In the face of the new competition, White Claw, which has never really embraced traditional advertising, is leaning into it. Starting with a new campaign launching today—its first global effort—the brand will boost its marketing spending to six times higher than in previous years, according to John Shea, chief marketing officer for Mark Anthony Brands, which controls White Claw and Mike’s Hard Lemonade.
White Claw, he says, wants to “get our point of view out there,” including “what the brand stands for and what the brand is about as a supplement to what the fans are already doing.”
Those fans include founders of social media accounts such as “whiteclawmeme” that have turned White Claw into a lifestyle as much as a drink. The brand often has no direct involvement. One high-profile example: The phrase “ain’t no laws when you are drinking Claws”—which became a rallying cry for brand fans in the summer of 2019—was first popularized by comedian Trevor Wallace in 2019 as part of a comedic video he posted on YouTube.
White Claw boasts that its fans have generated more than 4 billion brand impressions via social feeds, videos, hashtags and memes, which it says amounts to 46 times more social media mentions than competing brands.

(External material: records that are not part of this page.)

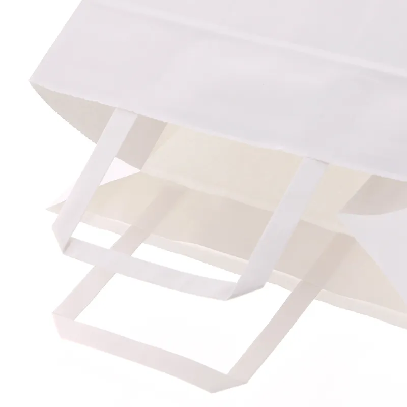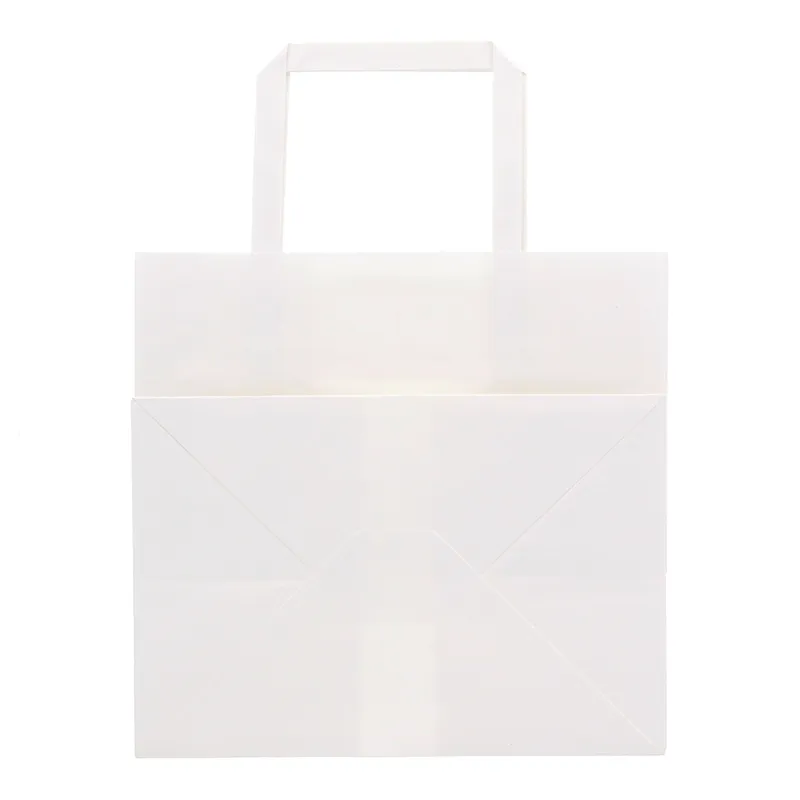 ハンドルは一般的な平紐の幅10mm幅よりも太めの12mm幅を採用しているので、手にやさしく持ちやすい紙袋です。オーソドックスな白無地なので、催事など色々な用途でご使用頂けます。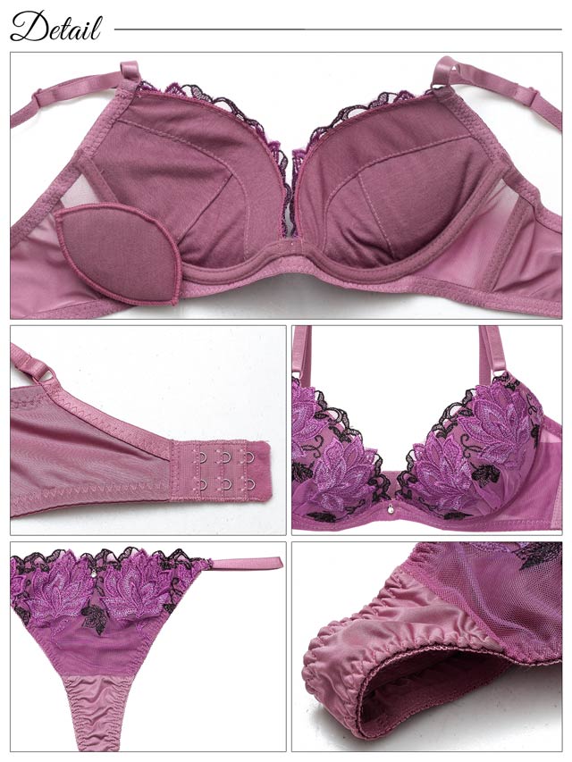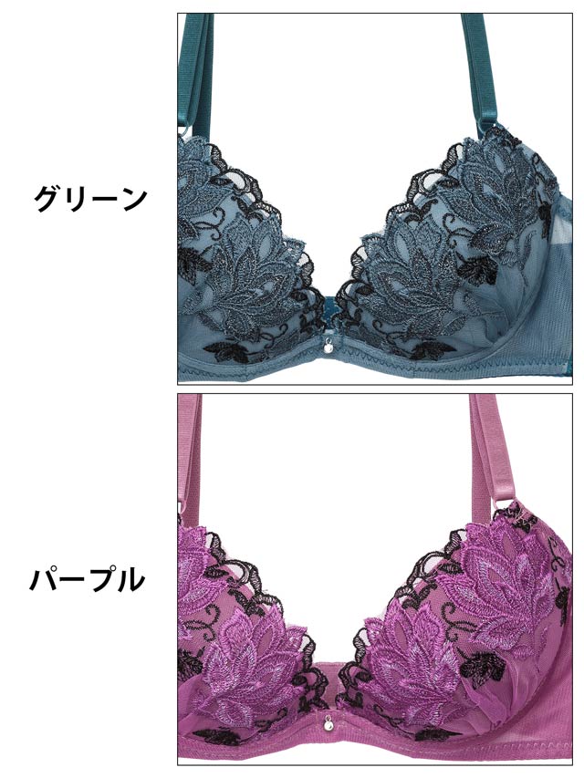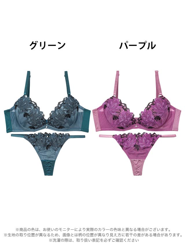 ディープカラー×ブラックのボタニカル刺繍を贅沢にあしらった高見えランジェリー。中央で揺れ動く1粒ストーンが上品な輝きを放ちます◎ 華奢なサイドストリングのショーツは大胆な肌魅せと大人セクシーな雰囲気を演出します◎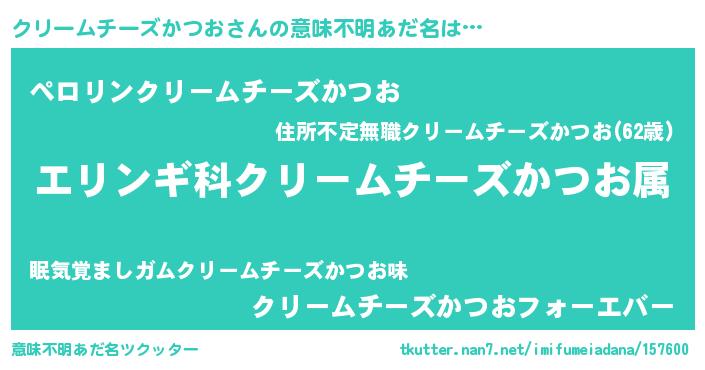 | ヒーロー風カッコイイあだ名 | 『スーパークリームチーズカツオ』 |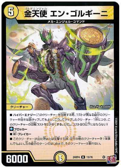 ハイパーエナジー(このクリーチャーを召喚する時、コストが異なる自分のクリーチャーを好きな数タップしてもよい。こうしてタップしたクリーチャー1体につき、このクリーチャーの召喚コストを2少なくする。ただし、コストは0以下にはならない)ブロッカーW・ブレイカーこのクリーチャーが出た時または攻撃する時、自分の他のクリーチャーを1体選んでもよい。次の自分のターンのはじめまで、そのクリーチャーは離れない。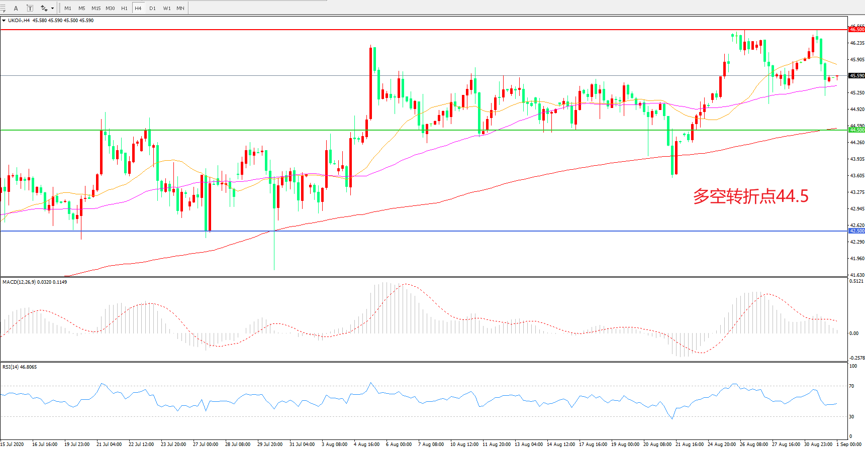 周一(8月31日),原油市场经历了动荡的一天,亚盘的走势仿佛给人一种想要突破的迹象,但是伴随着晚间美股的回落,布伦特原油震荡下行,收报45.55美元/桶。在供应过剩的市场环境下,需求难以恢复到疫情前水平,而美股的短期高位风险也给市场带来了较大的不确定性。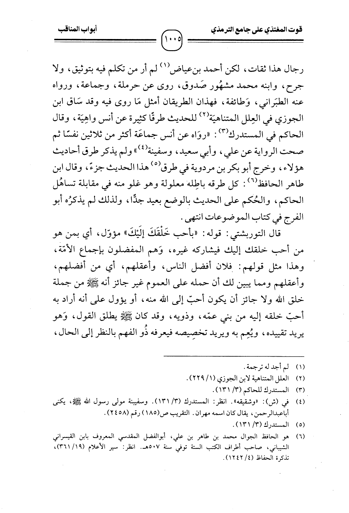 رجال هذا ثقات، لكن أحمد بن عياض لم أر من تكلم فيه بتوثيق، ولا جرح، وابنه محمد مشهُور صَدوق، روى عن حرملة، وجماعة، ورواه عنه الطبَراني، وَطائفة، فهذان الطريقان أمثل مَا روى فيه وقد سَاق ابن الجوزي في العِلل المتناهيَة للحديث طرقًا كثيرة عن أنس واهِيَة، وقال الحاكم في المستدرك: " روَاه عن أنس جماعَة أكثر من ثلاثين نفسًا ثم صحت الرواية عن علي، وأبي سعيد، وسفينة " ولم يذكر طرق أحاديث هؤلاء، وخرج أبو بكر بن مردوية في طرق هذا الحديث جزءً، وقال ابن طاهر الحافظ: كل طرقه باطِله معلولة وهو غلو منه في مقابلة تساهُل الحاكم، والحُكم على الحديث بالوضع بعيد جدًّا، ولذلك لم يذكرُه أبو الفرج في كتاب الموضوعات انتهى.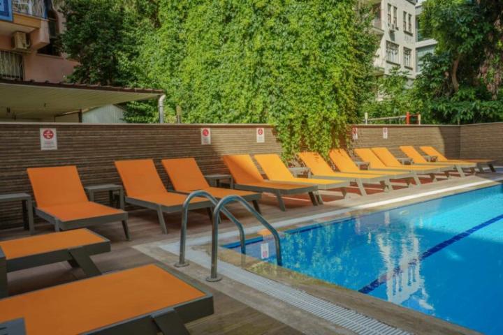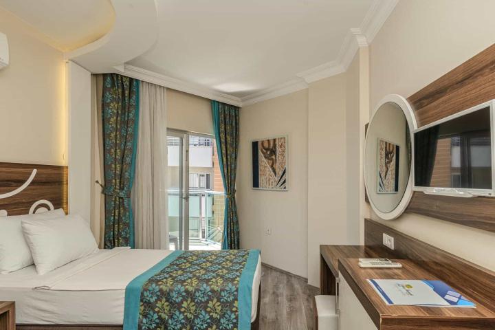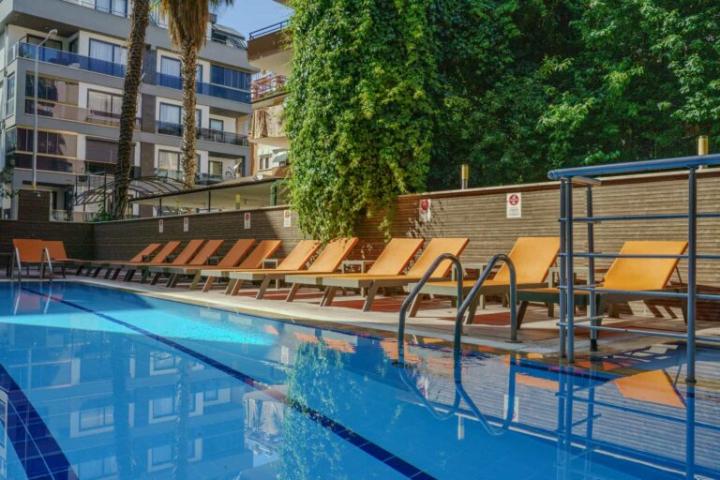 Hotel se nalazi odmah pored Kleopatra plaže sa zlatnim pijeskom; ležaljke i suncobrani na plaži dostupni su uz doplatu. U sklopu objekta vanjski bazen i dječji bazen. Plaža je često hvaljena kao jedna od najljepših u Alanyi.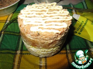 Пятый слой горбуша, выньте форму, сверху полейте красиво оставшимся майонезом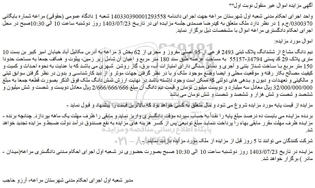 - مزایده در تاریخ 1403/07/23 روز دوشنبه ساعت 10 الی 10:30 صبح بصورت حضوری در شعبه اول اجرای احکام مدنی دادگستری مراغه(میدان مادر ) برگزار خواهد شد.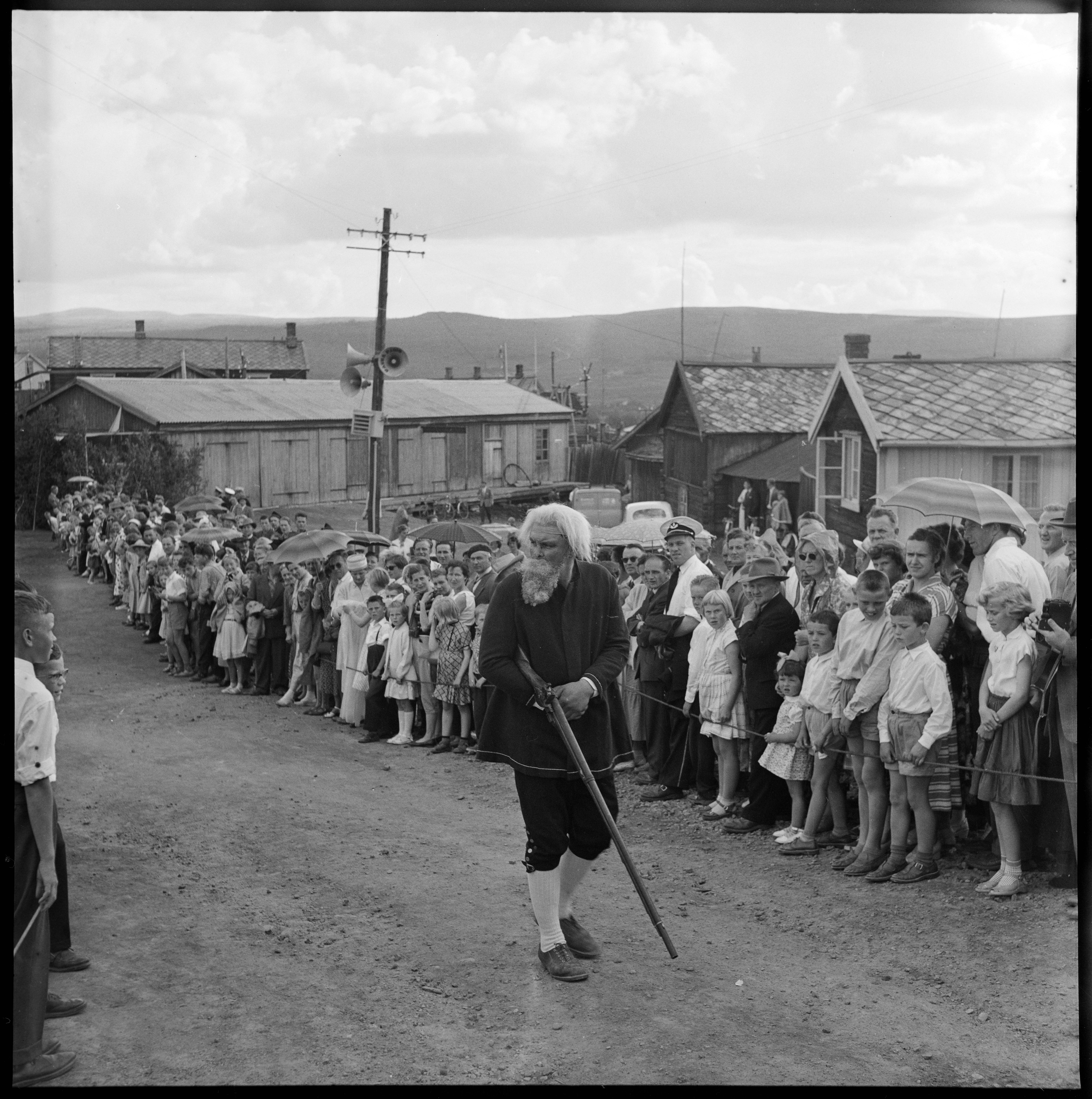 Bergmannsdagen. En mann med gevær. Publikum på begge sider av veien han går på.

"They did not build that brand as a mass-market, advertised-driven brand, they built this phenomenal success without those kind of traditional marketing platforms,” says Benj Steinman, president of alcohol trade publication Beer Marketer’s Insights.
But the market dynamics are changing in the seltzer category, which notched $4.5 billion in retail sales in 2020, according to Morgan Stanley, as seltzer continues to lure drinkers away from beer. Not only is White Claw facing new competitors on an almost daily basis, it is fending off No. 2 hard seltzer brand Truly, which has made recent gains. ”It’s a massive battle between White Claw and Truly, where White Claw is well ahead but Truly’s trends are much faster than White Claws,” Steinman says.
White Claw finished 2020 with nearly 51% hard seltzer market share in the U.S., compared with about 24% for Truly, which is owned by Boston Beer Co., according to Beer Marketer’s. But White Claw has gained just 0.5 points of volume share year-to-date, compared to 1.6 share in 2020, the publication reported on March 22.
With the new campaign, White Claw is putting out ads that try to maintain its user-generated content ethos, while pushing a new tagline, “Let’s White Claw.” It comes from Accenture Interactive-owned Rothco of Dublin, Ireland, which won the account in 2016.
The brand and agency put various creators and filmmakers in control of capturing content meant to align with the brand’s carefree image. They include Brit Phelan, a German-American director and photographer based in Los Angeles, who is behind footage in one of the ads that includes scenes of a woman roller-skating into a convenience store and people partying on the beach and inside an empty swimming pool.
The brand expects to add to its roster of creators during the year, creating a steady stream of content.
“It’s really being done in a very different way than a typical advertising campaign,” says Shea, who joined the brand last year from Jimmy John’s. “There’s no shoot day, there’s no sets. It’s really a collaboration with these young, diverse creators from all over the word and across the country that are creating content.”
The ads will get a heavy presence on digital media in addition to TV programming such as the Kentucky Derby, Olympics, ESPN “SportsCenter,” and entertainment shows like E!’s “Keeping up with the Kardashians.”
As much as White Claw plays up the user-generated tone of the ads, the fact is the campaign—and the brand’s rising ad budget—edges White Claw closer to the type of big budget, mass marketing traditional advertising it has managed to avoid for years. Last year, White Claw spent a mere $3.7 million on measured media, according to Kantar, which would not even cover the cost of what Bud Light spent to run a Super Bowl ad plugging its hard seltzer earlier this year.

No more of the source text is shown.